Alabama’s New “Southern Drawl” Song Couldn’t Be Worse


This story has been updated.

Alabama is getting ready to release what ostensibly is their first new studio album in nearly 15 years, yet the buzz around this upcoming project seems to be somewhere between muted to virtually non-existent. Over thirty #1 singles, three consecutive Entertainer of the Year awards back in the 80’s, and aside from the core fandom of the band, frankly nobody seems too excited, or even aware the new album is on the way.

Maybe that says something sad about where country music is today, or maybe it speaks to the mixed legacy of Alabama. The only reason Alabama wasn’t known as a pop country band in their day is because nobody really knew what pop country was during that era. Many of their hit singles were pretty simple compositions and concepts, and many were songs about songs, or music—“Song of the South,” “Mountain Music,” “If You’re Gonna Play in Texas.” But Alabama is also like the CCR of country; you start digging through their collected works and it’s just one song after another that was a super hit on radio, and reminds you of a by-gone time and a warm memory, just like a country song is supposed to do. They knew how to hone in on a good melody and put a popular sentiment behind it, and were as good or better than anyone at it in their era.

Alabama is easy to pick on and hard to hate, and they’re members of the Country Music Hall of Famers, and deservedly so. But I can’t imagine a more jarring and ill-advised way to end their 15-year recording hiatus than with the title track of their upcoming September 18th release, “Southern Drawl.” For the people who’ve been pointing to Alabama as the precursor of Bro-Country, well you just got a glowing piece of evidence toward your argument delivered to you on a silver platter, with fireworks shooting out of the centerpiece, sparklers lining the sides, and spotlights shooting straight down on it. “Southern Drawl” is a formulaic, aggressively laundry list, stereotypical Bro-Country song if there ever was one that is so embarrassingly pandering in nature it carries the unintended gift of accidental comedy.

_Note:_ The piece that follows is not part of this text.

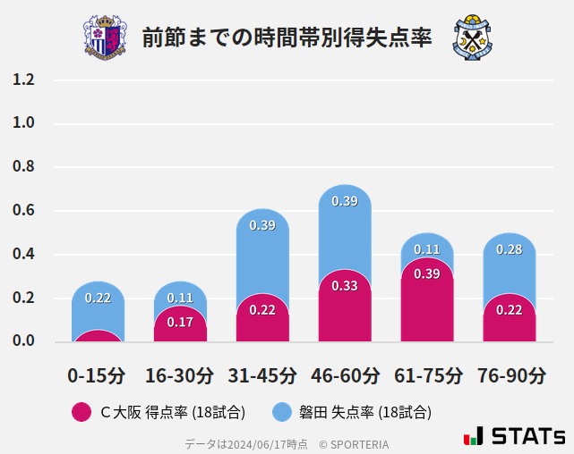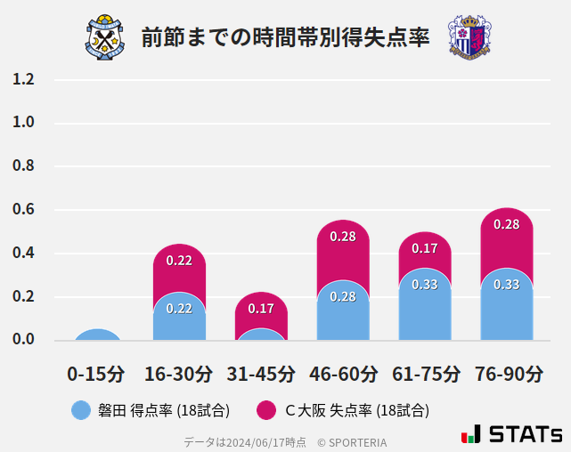 ジュビロの得点は16-30分と後半に多く生まれそう。
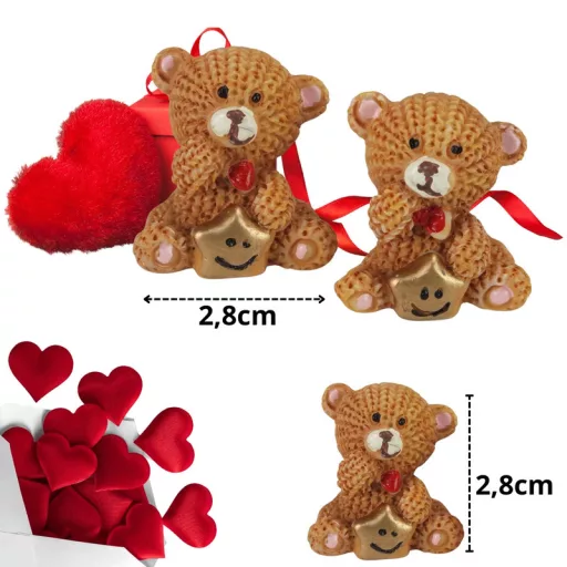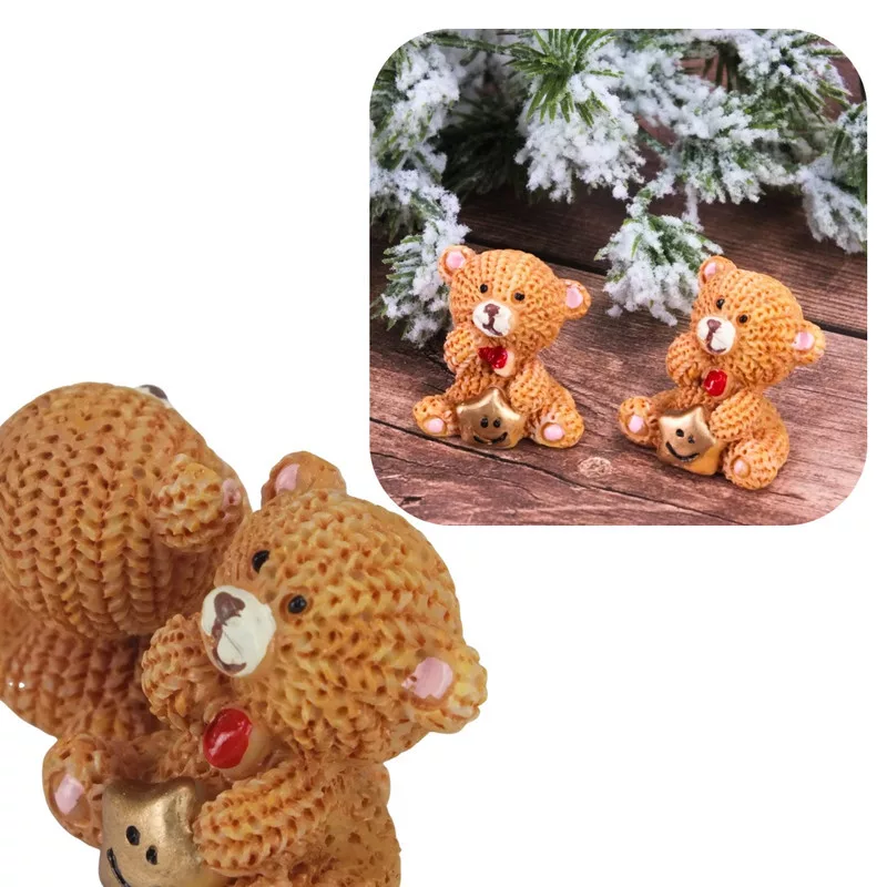 Poly ülő macik csillaggal 2db/csom – karácsonyi dekorációhoz és koszorúhoz

From the “We Will Rock You” intro, to the obnoxious overdriven arena rock guitar, to the awkwardly and uncharacteristically non-synchronous performances by Alabama founding members Randy Owen, Teddy Gentry, and Jeff Cook, “Southern Drawl” isn’t just bad, it’s something that makes you wish you could go back and completely erase it from your country music consciousness lest it run rampant through your memory and sully any rosy regards you had for Alabama’s past accomplishments. Yes, it’s that terrible.

If Maddie & Tae were standing to the side of the stage with their checklist, every square would be marked by the end of “Southern Drawl.” Beer, trucks, backroads, the interjected praising of the troops thrown in—it’s all here. Alabama even piped in a crowd cheering for them throughout the track. I mean the hubris of this thing. And listening to these guys trying to emulate the melody-vacant rhythmic pentameter of a modern Bro-Country song is like the country music equivalent of some 60-year-old original-era rappers coming out with clocks around their necks trying to perform modern hip-hop. Word to your mother. Alabama is just completely out of their element, and can barely keep up with the instrument track.

If you needed any more evidence that 2015 is the year of selling out in country music, this is it. Alabama waited 15 years to premier this? And the thing about selling out is that you better be successful with it because otherwise you alienate your core fans and still don’t reap the rewards of a commercially-successful move. This is the unfortunate place so many country artists who entered 2015 with their dignity still in tact are finding themselves in, and you can add Alabama to the list. “Southern Drawl” was premiered by Billboard on September 3rd, and by the time of this review, still hadn’t received even 2,500 listens on SoundCloud. 15 years, and this is the amount of enthusiasm and anticipation Alabama can draw for this song.

“Southern Drawl” will be one of the worst songs to be released in country music in all of 2015. The album Southern Drawl can only be better than this first song, because it would be impossible for it to be any worse. “Southern Drawl” not only fails to create any bit of interest for their new album, it even fails to live up to even the most modest accounts of Alabama’s legacy.